According to literary critic Cornelia Ștefănescu, Vulcan can be seen primarily as an enthusiast, a man who wrote for various magazines in Transylvania and several in Pest, having written two by hand in his schooldays, before devoting his energies to Familia; who travelled widely and wrote about his experiences; who helped initiate societies before organizing their activities, crisscrossing Transylvania (including stops in Gherla, Deva, Șomcuta Mare, Năsăud and Oradea) while promoting Romanian culture. She observes that his writing lacks external stylization, "saccharine images, complaisant rhetoric or gratuitous elegies", instead drawing its essence from authentic, realist folk roots.

The Iosif Vulcan Memorial Museum is located in Oradea on a street that bears his name.
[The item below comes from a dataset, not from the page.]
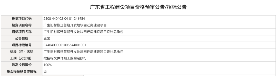 昨日(8月15日),珠海市公共资源交易中心发布了《广生旧村搬迁首期开发地块回迁房建设项目设计总承包招标公告》。

Inaugurated in 1965 in the house that he inhabited from 1897 until 1907, it is furnished with objects that belonged to him. A bust of Vulcan by the sculptor Anghel Chiciu was unveiled in the city in November 1927, on the initiative of the "Cele Trei Crișuri" cultural society. The same city hosts the Iosif Vulcan National College, a secondary school that used his name from 1920 to 1990 and again since 1999. Bistrița, Cluj-Napoca, Curtici, Salonta, Satu Mare, Săcueni, Timișoara and Valea lui Mihai also have streets named after him.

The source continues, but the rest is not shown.